Часть 1
19 декабря 2015 г. в 17:31
— Мне сорок семь, — говорит Катарина, и ждет, что скажет на это Курт Валландер, ее ровесник.
— Хороший возраст, — тактично отвечает тертый калач Курт.
За этот ответ Катарине хочется врезать ему по обвислым щекам, которые похожи на бульдожьи брыльца, но она мужественно улыбается, допивает кофе и ставит стаканчик на сейф.
— Конечно, — рука непроизвольно поправляет волосы в прическе. — Дети взрослые, свободного времени сколько хочешь.
«Скажи, что ты никогда не дал бы мне столько, ну скажи».
Но Курт понимающе кивает, скользя взглядом по раскрытым на столе учебникам.
— Передаешь опыт?
— Помогаю молодым перспективным сотрудникам.
Молодой и перспективный как раз тащит несколько стаканов с кофе, неловко останавливаясь в дверях, раскачивая их, ловя на лету, смеясь, жонглируя, пристраивая их на стол наскоро и криво, примерно так же, как возникает из ниоткуда его усмешка.

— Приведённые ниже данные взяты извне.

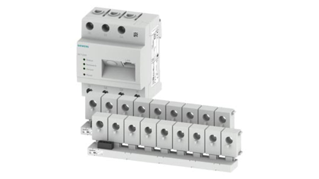 Contatore di energia digitale Siemens, serie 7KT PAC1200, codice 7KT1222, display digitale, precisione misuratore ±2%, misurazione massima 5 A, 50 Hz, 400 V, approvazioni CE, starter kit con 18 barre sensori 2x 9 e data manager 18.

На столе мешанина из солнечной цветени и юридических терминов.
— Хотите кофе?
— Нет, спасибо.
Курт опытный полицейский, ему не надо спрашивать, чтобы знать, почему Катарина отказывается от ужина и заменяет его гастритной едой — распахнутый ворот форменной рубашки, съехавший набок у молодого и перспективного, открывает шею, лишенную кадыка, зато украшенную родинкой.
— Понтус пишет диссертацию, — напряженно говорит Катарина, перехватившая его взгляд. — Я обещала помочь, это по моей части.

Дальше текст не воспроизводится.